The violence has spread from the capital to towns outside of Addis Ababa.
The four died in the town of Bahir Dar, about 400 kilometres northwest of the capital, where police clashed with demonstrators demanding the release of opposition members in police custody, said the state-run Ethiopian News Agency said, quoting police sources.
There was also violence in the Ethiopian towns of Awasa, Gondar, Dessie and Dire Dawa, the government said, but police did not say whether there were any fatalities in these towns.
According to a diplomat, eight people including a soldier were killed in Bahir Dar.
Two other diplomats said two civilians were killed in Dessie, a scene of similar rioting.
The government blames the violence on the opposition Coalition for Unity and Democracy (CUD), which has become increasingly vocal in claims that May 15 elections were rigged by the ruling Ethiopian Peoples’ Revolution Democratic Front (EPRDF) coalition, headed by Prime Minister Meles Zenawi.
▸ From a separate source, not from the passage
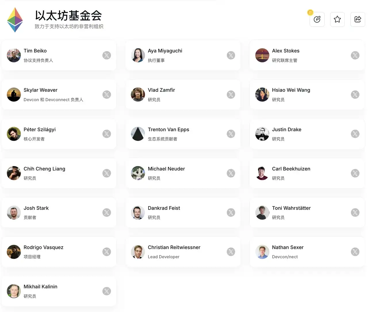 与此同时,EF 在职人员包括执行董事 Aya、Tim Beiko 在内的协议支持负责人以及 Justin Drake 在内的诸多研究员。但组织管理的混乱,也由此显露端倪:前不久,以太坊基金会研究员 Alex Stokes 宣布与 barnabe.eth 共同担任 EF 研究部门联合负责人,直到这时,很多人才第一次知道,原来 EF 旗下研究部门包括应用研究小组、共识研发、密码学、协议安全以及 RIG 五个团队。这就和此前 Tim Beiko 在自己的 X 平台账号发布部门新进人选信息的时候,人们才知道 EF 人员流动如此僵化一样。

“The CUD is responsible for the damage and loss of life that has occurred in the capital in the last three days,” Meles said on state television, in his first declaration since rioting erupted on Tuesday.
“The (CUD) officials who have been arrested will be taken to court,” Meles said without giving a date when they would be charged.
“They are responsible for all these things.”
Federal authorities arrested the entire CUD leadership shortly after the unrest began.
The government has also begun a press clampdown following the violence with the New York-based Committee to Protect Journalists (CPJ) saying Ethiopian authorities have detained two editors and ordered private newspapers to close.
It said Dawit Kebede, the editor-in-chief and Feleke Tibebu, the deputy editor and a reporter of the independent Amharic-language weekly Hadar were arrested on Wednesday and are in Addis Ababa’s central prison but have not been charged.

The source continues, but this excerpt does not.